Posted by Divya at Tuesday, November 17, 2009

When Hitler had come alive in our textbooks of tenth grade, I had developed an uncanny interest in the holocaust, beyond what education demanded. This powerful and heart-breaking diary had been my first venture towards that at the age of fifteen. And I had been pleasantly surprised at how much Anne seemed like a familiar teenager to me back then. I had even stolen her idea to address her diary entries and created an imaginary friend Maya for my intermittent diary-keeping.

I re-read this diary recently and it had evoked the same emotions I had felt almost ten years ago. Anne is in no way the perfect person. She had inhibitions, immaturity, resentments and everything that marks the coming of age of any teenager. But, someone with this normal life had to be succumbed to fear and mortal hiding makes it enduring.
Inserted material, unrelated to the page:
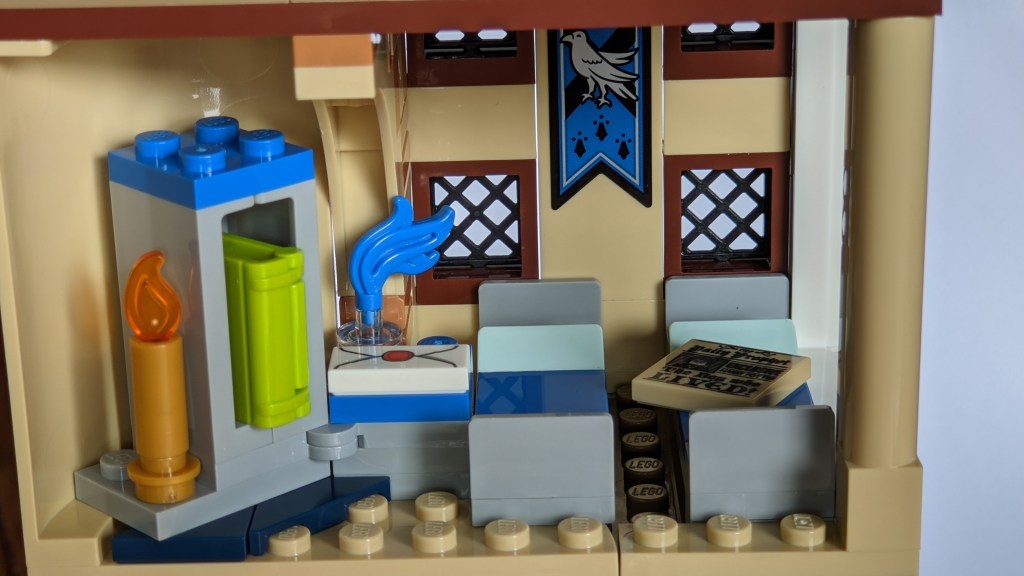 The photos below show the rooms in more detail (click to enlarge). The Ravenclaw common room includes a library with almost as many books as the main library. Hence the small bookshelf with the book and newspaper. It would have been nice if the while marble statue of Rowena Ravenclaw had been featured as well, but space is limited. What I like the most is the Astronomy equipment, which is very well built with nice part usage (NPU).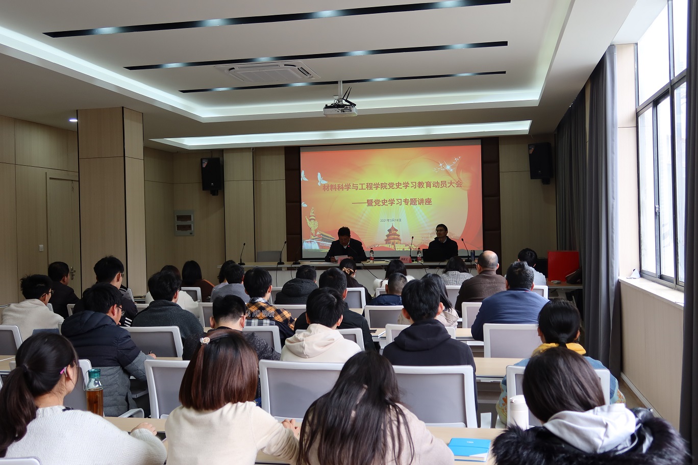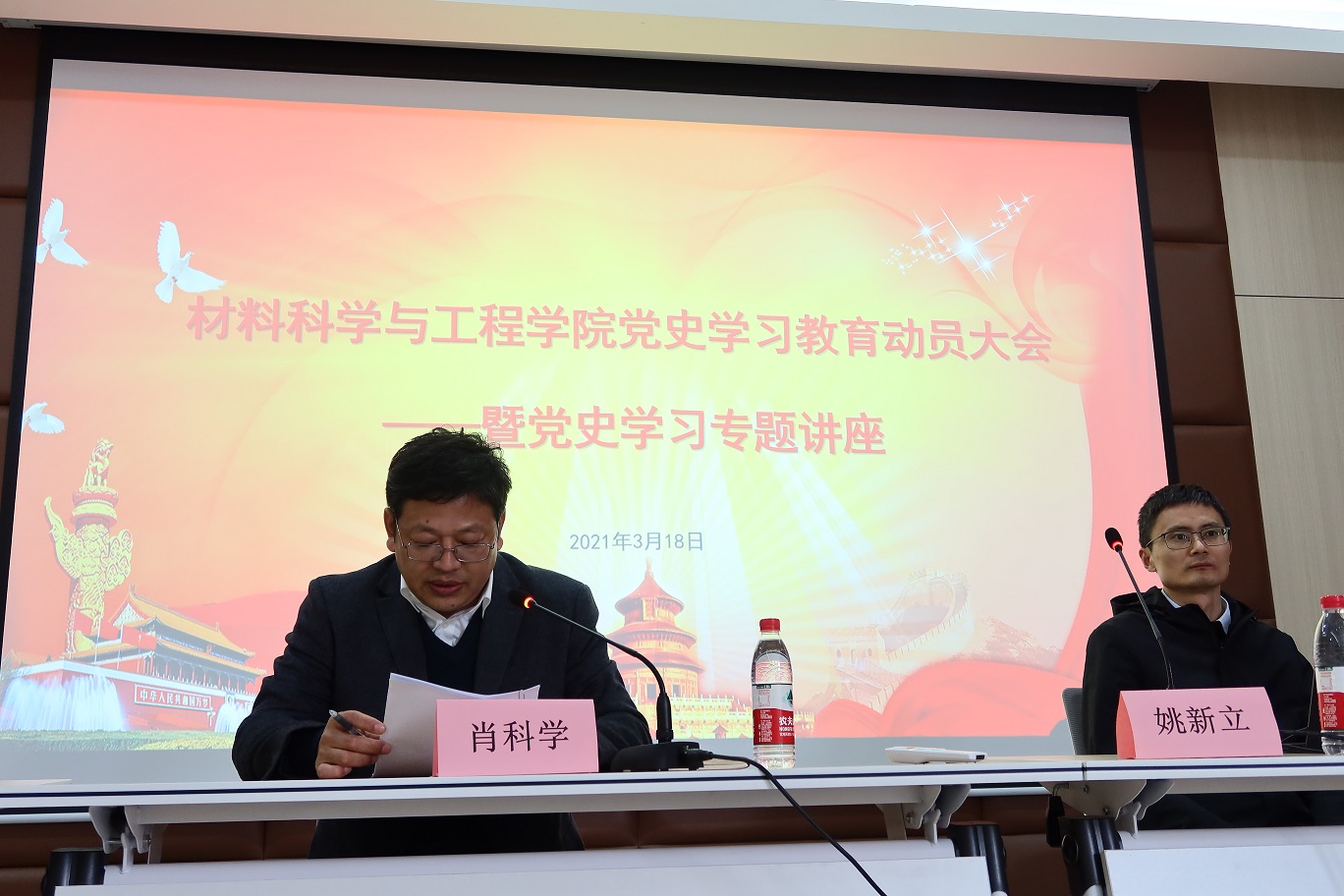3月18日下午,15VIP太阳集团召开党史学习教育动员大会暨党史学习教育专题讲座,深入学习贯彻习近平总书记在党史学习教育动员大会上的重要讲话精神,认真贯彻落实中央、省委和校党委统一部署要求。肖科学书记主持动员大会并作了动员讲话,马克思主义学院姚新立博士受邀做了主题为《学党史 悟思想 办实事 开新局》的讲座,全体党员和入党积极分子参加了会议。

Anne writes to Kitty, as she christens her diary, about her life since her thirteenth birthday. The entries begin when her family is at their home in Netherlands though they are already facing restrictions, like, unable to travel by car for being jews. She writes about her whims as a school girl, of friends, of boys who have a crush on her; it almost seems like nothing can go wrong. Almost a few pages hence, the dramatic change of events occurs and her family goes into hiding; then on her writing takes a new direction. It is almost difficult to imagine how such close confinements can render members of the same family to display their worst and best sides.
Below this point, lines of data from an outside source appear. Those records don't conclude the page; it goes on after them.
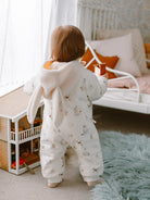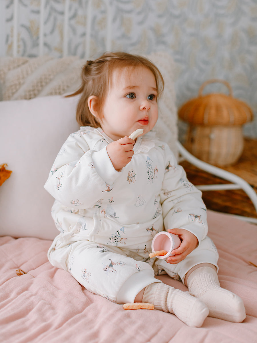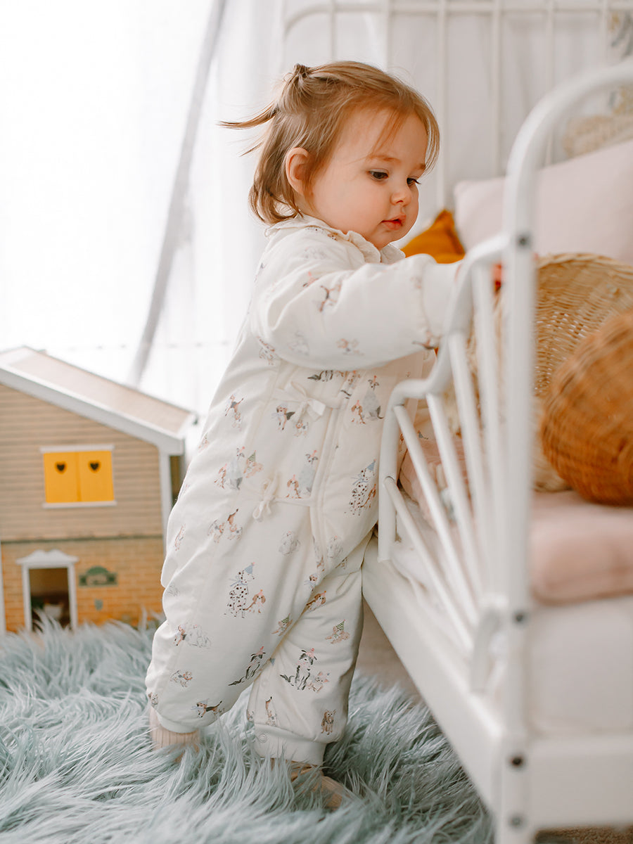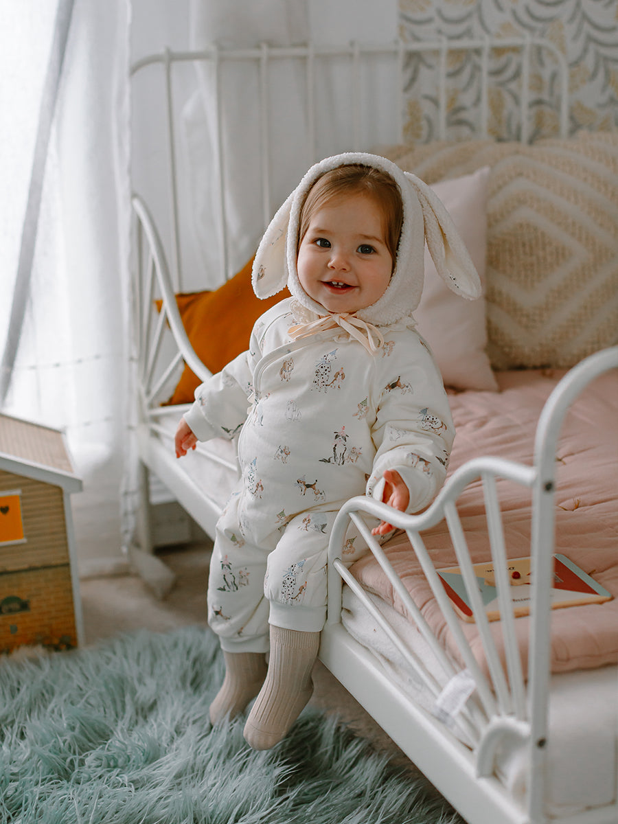 Um die richtige Passform zu gewährleisten, ist unsere Kleidung so konzipiert, dass sie bis zu einer bestimmten Größe passt. Beispielsweise ist die Größe 18M für ein Kind bis zu einem Alter von 18 Monaten oder einer Körpergröße von bis zu 86 cm gedacht.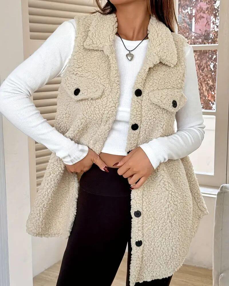 Dieser lange, ärmellose Teddy-Mantel schenkt dir Komfort in den Momenten, in denen eine normale Schicht einfach nicht reicht. Das weiche Gefühl und der bequeme Schnitt machen ihn zum perfekten Begleiter, um dich warm zu halten, ohne schwer oder einengend zu wirken. Einfach, gemütlich und ideal für jeden Tag gemacht.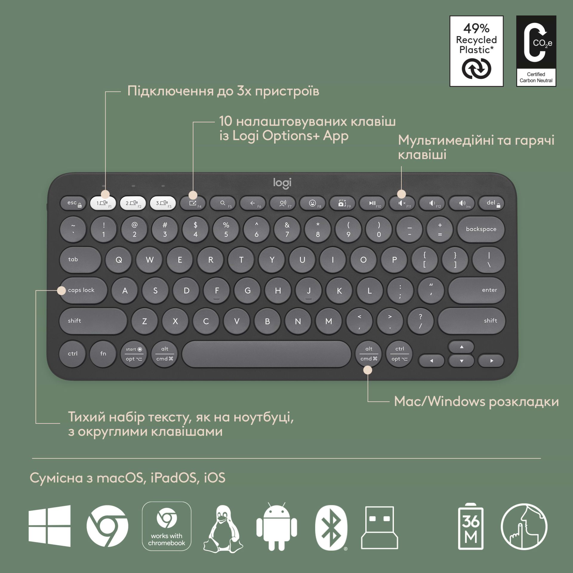 - Комплект працює з Windows, MacOS, iPadOS, iOS, Android, Chrome OS та Linux, що робить його універсальним рішенням для різних платформ.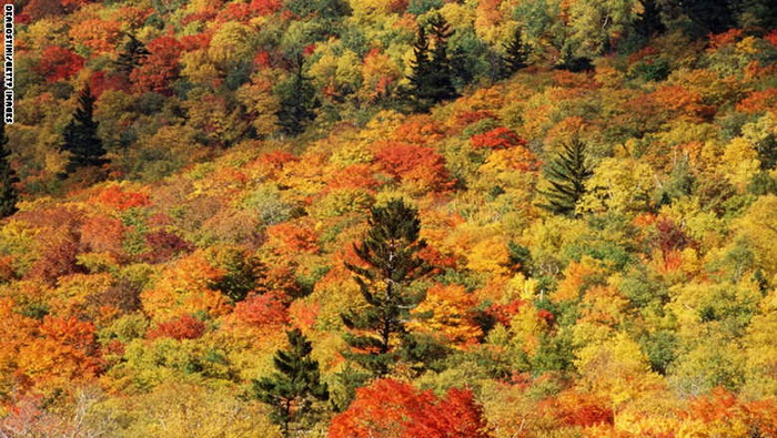 14- أميركا : تكتسي غابات وايت ماونتينز، في نيوهامشير في اميركا حلة من ألالوان المختلفة خلال فصل الخريف.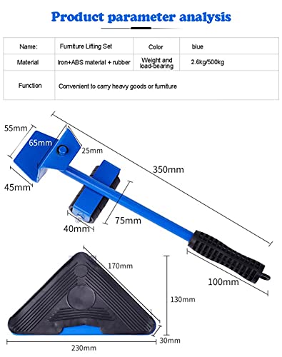 【Alta qualità】 Il sollevatore per mobili pesanti è realizzato in ferro resistente e materiale ABS, pannello con pad antiscivolo e l'impugnatura ergonomica rende lo strumento mobile comodo da usare. Capacità di carico massima: 500 kg/1100 libbre.

Anne writes about the differences, jealousies and other frustrations that can only arise with close kin. She expresses envy towards Margot, for being the perfect apple of the eye to her mother and in later entries her relationship with her mother only deteriorates further. She considers her relationship to her father closer. As she matures, she finds the kinship with Margot and even remarks “She's not nearly so catty these days and is becoming a real friend.”
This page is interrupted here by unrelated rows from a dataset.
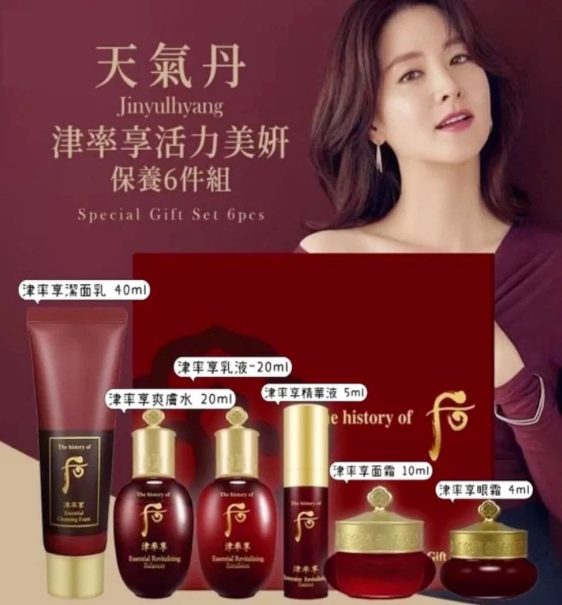 韓國Whoo后津率享紅潤美妍6件組* ⛔️截單日期:10月19日 💰$139/套,2套以上135/套 📆 ✈️📦預計到貨日期:12月頭中 韓國Whoo后津率享紅潤美妍6件組 🔻6件組包括🔻 ✅津率享精華液 5ml ✅津率享眼霜 4ml ✅津率享爽膚水 20ml ✅津率享面霜 10ml ✅津率享滋養乳20ml ✅津率享潔面乳 40ml 👑韓國天后也愛的頂級保養品牌👑 Whoo后🔥天氣丹津率享系列 以韓國傳統宮廷秘帖 💜養出極致好氣色😉 這套✨紅潤美妍組合✨ 針對調節女性乾枯的精氣神 使用精選的紅蔘🌸珍貴配方 ✅細緻柔滑 ✅改善粗糙 ✅水潤活力 ✅提亮光采 給予肌膚全方位的滋養呵護👍🏻肌膚持續飽滿潤澤 一套就能享受💎貴婦級的保養🥰🥰 == ⚠️ 聲明 ⚠️== 本貨品為平行進口正貨 所有帖文內容只作分享及參考用途。為免混淆視聽,所有商標或版權均屬有關商品品牌商標的持有人,敬請留意 💢 顏色或因拍攝器材或顯示螢幕等因素而與實物有異,以上資料及圖片只供參考,一切以實物為準。 由於廠商更換包裝或不會另行通知我司,而包裝並不影響內容物及其品質與使用體驗,因此恕不因包裝與圖片資料不一而作出退換。 💢貨品在運輸途中導致產品包裝外盒有任何損毀凹陷,但不影響其產品本身食用/使用,或有機會不預設外盒出貨,本司不會作任何更換或退款,介意慎購! 💢外國進口貨品之貨期或受船運/空運延誤影響,恕不接受貨期延誤原因取消訂單,下單前敬請諒解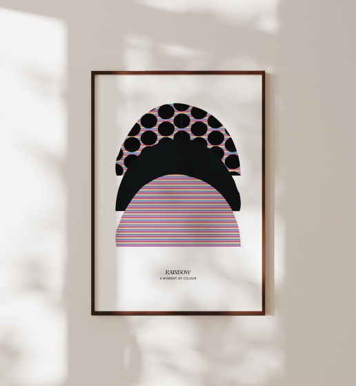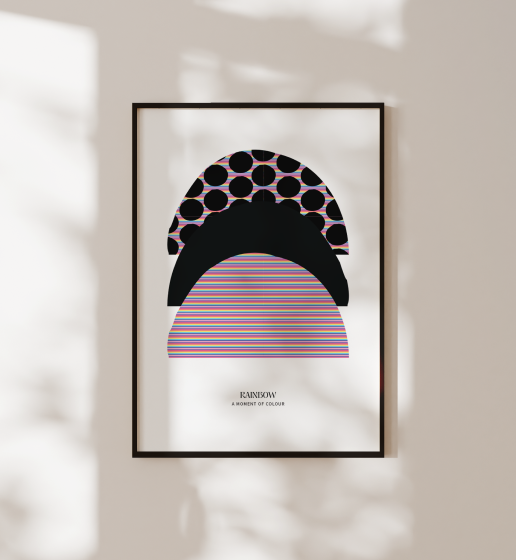 Rainbow is no.2 of the Rainbow Collection, featuring layered arcs of colour arranged in a balanced, graphic composition that highlights harmony and gradual transition. Clean lines and carefully spaced colour bands create a sense of openness while still delivering a confident visual statement.
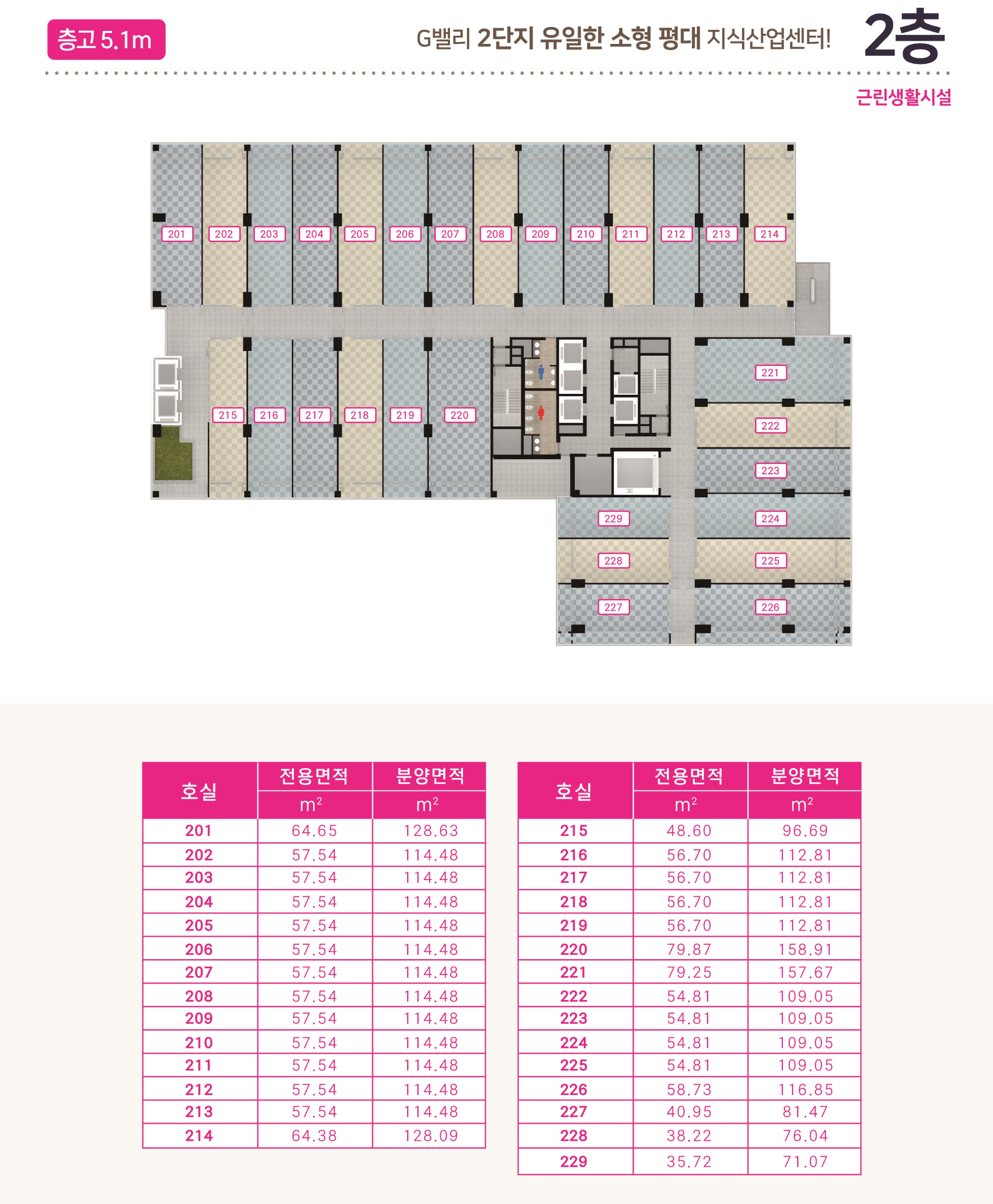 (두 개 호실이 나란히 있어서 전용 20평 이상도 분양 가능합니다.)

Adding to the troubles of hiding, Anne’s family is also accompanied by Pels family. Though she detests Peter in the beginning, they finally enter into a romantic hold, with whom, Anne even shares her first kiss. However, she is ambivalent towards the senior Pels and often blames them for sarcasm and selfishness.

Beyond all the difficulties faced, Anne often hopes to return to school after the war, has ambitions to be a journalist, and wishes a life like it had always been. To show such maturity and sanguineness in the time of dark and death may in itself be strength of character displayed by Anne. She is open to her feelings, evident from her narrative and willingness to edit the previous entries to be made readable to all.

Take in Anne’s two years, to understand the many ways living in hell had been during the worst world war. Read her entries to take in life of the innocents, who were only as human as we all are, looking forward to sunny days after the doused ones. Anne, who had never stopped dreaming or living, is definitely the most alive exemplary of a fateful end...


Shona on November 18, 2009 at 6:47 AM said...

This is one of my all time fav. Can't seem to get enough of it. She definitely is a emblem for hoping and dreaming for a better future. Sheer passion of her conviction towards a better tomorrow is palpable in the book.